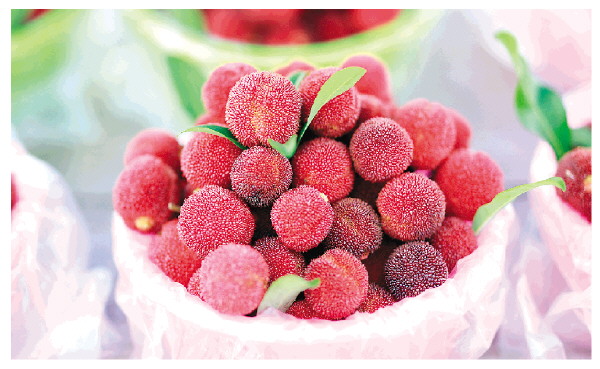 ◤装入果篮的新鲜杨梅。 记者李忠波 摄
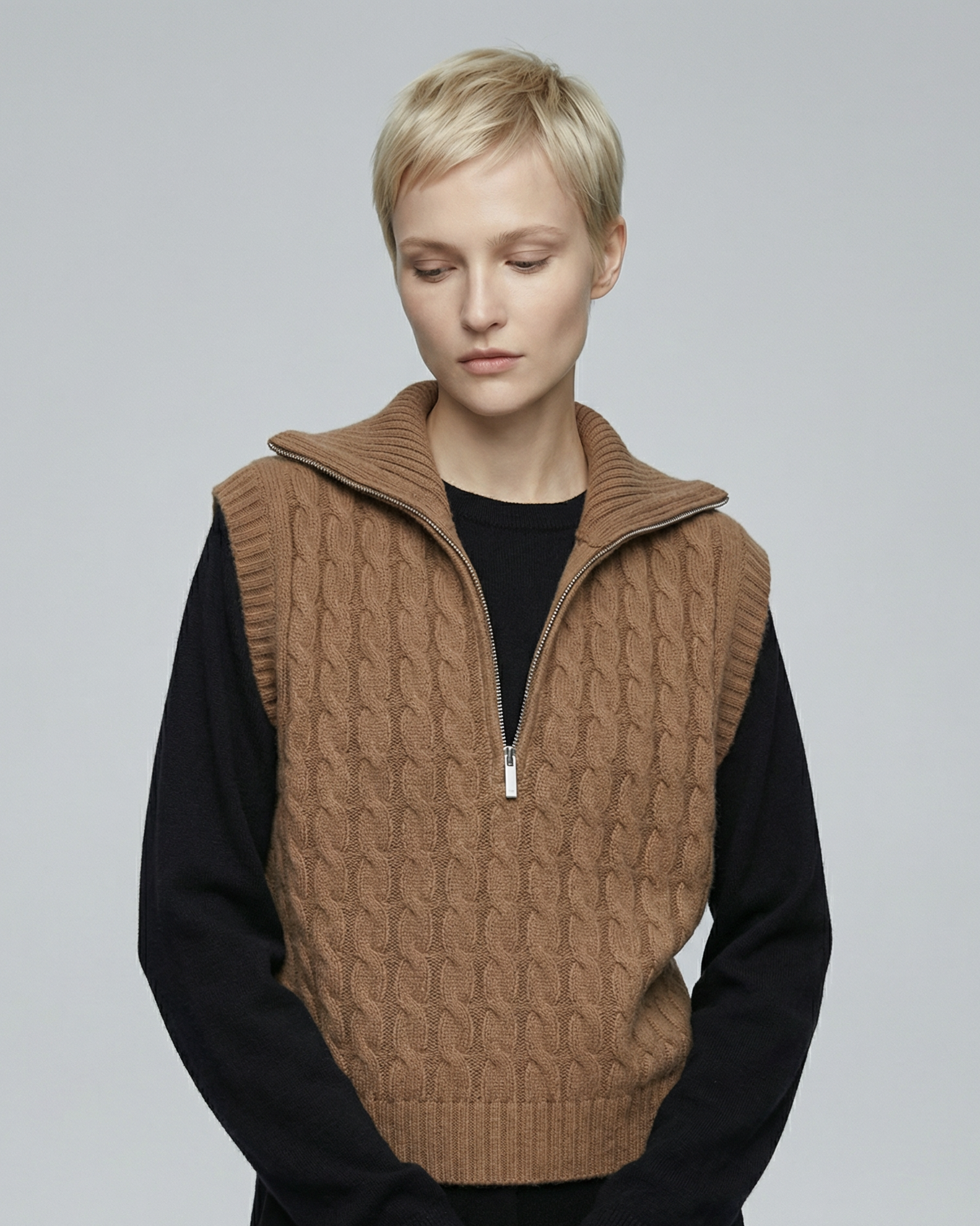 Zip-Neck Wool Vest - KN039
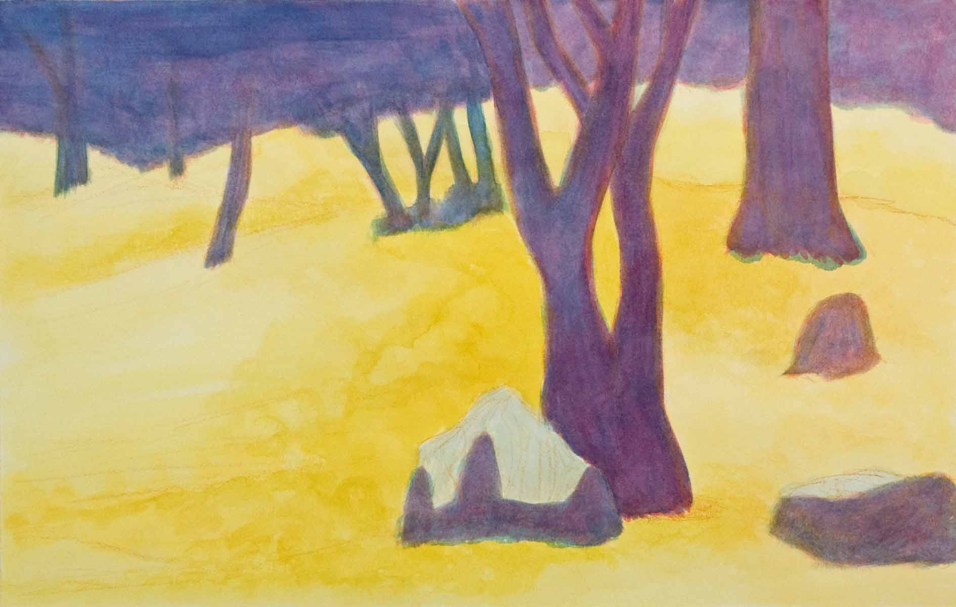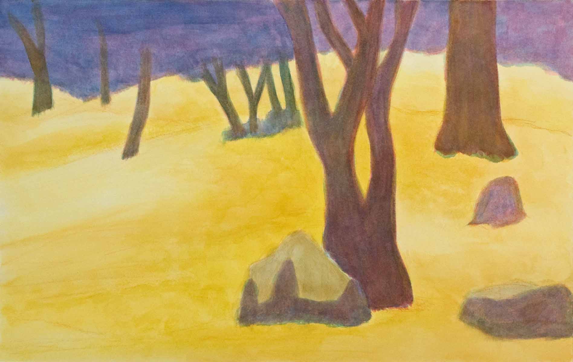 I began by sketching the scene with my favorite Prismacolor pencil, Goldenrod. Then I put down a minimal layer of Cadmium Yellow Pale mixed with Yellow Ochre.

---

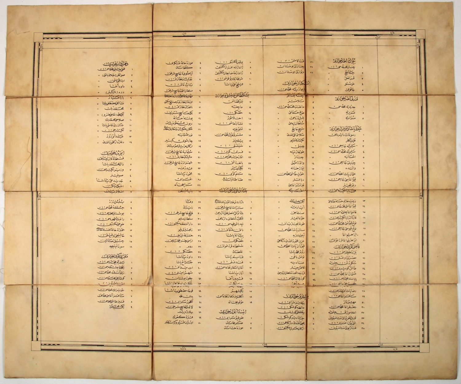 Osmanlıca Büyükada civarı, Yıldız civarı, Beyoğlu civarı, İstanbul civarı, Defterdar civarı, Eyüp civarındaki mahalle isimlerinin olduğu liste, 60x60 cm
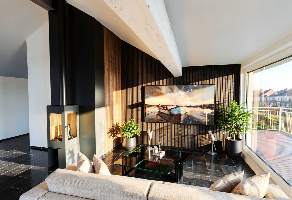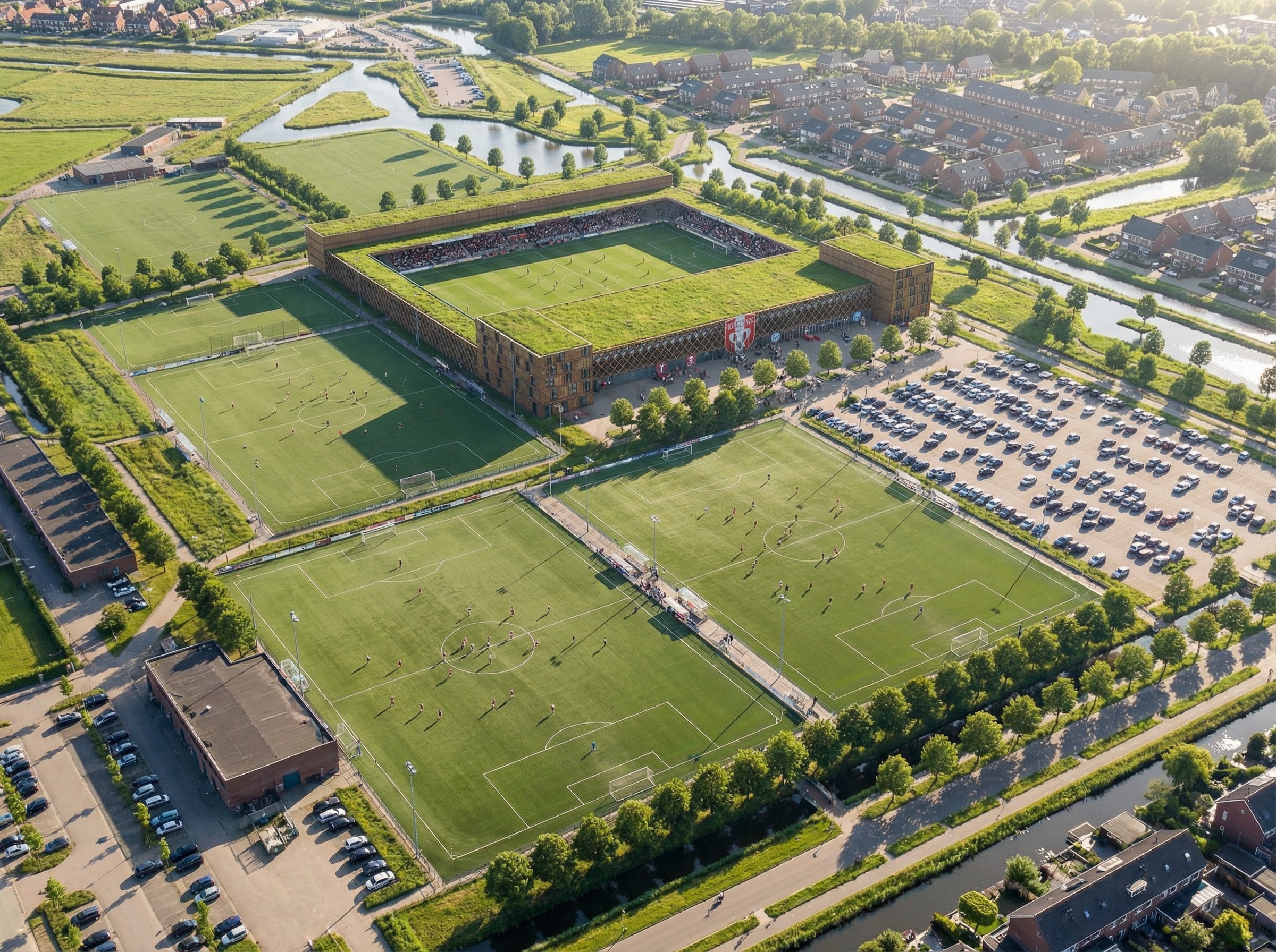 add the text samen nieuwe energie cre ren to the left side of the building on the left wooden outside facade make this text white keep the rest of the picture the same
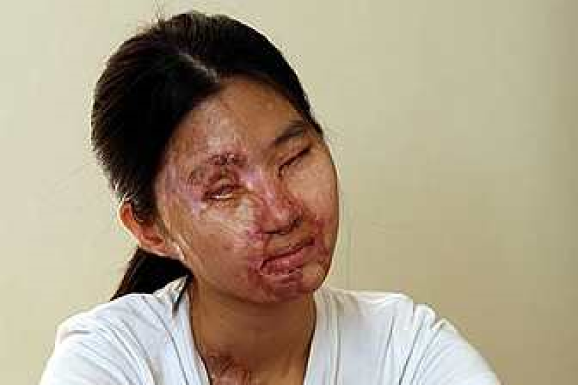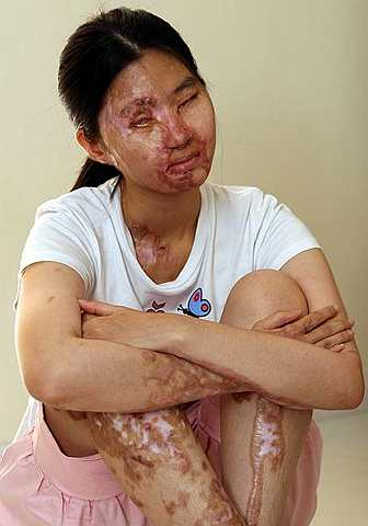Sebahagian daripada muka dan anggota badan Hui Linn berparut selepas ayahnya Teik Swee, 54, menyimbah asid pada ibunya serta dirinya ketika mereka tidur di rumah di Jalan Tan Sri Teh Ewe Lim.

*EXERCISE PROMPT*
Could you repeat, exactly, only the lines above starting at the one that has "Osmanlıca Büyükada civarı, Yıldız" and stopping after the one that has "add the text", without the pictures?

*RESULT OF THIS EXERCISE*
 Osmanlıca Büyükada civarı, Yıldız civarı, Beyoğlu civarı, İstanbul civarı, Defterdar civarı, Eyüp civarındaki mahalle isimlerinin olduğu liste, 60x60 cm
 add the text samen nieuwe energie cre ren to the left side of the building on the left wooden outside facade make this text white keep the rest of the picture the same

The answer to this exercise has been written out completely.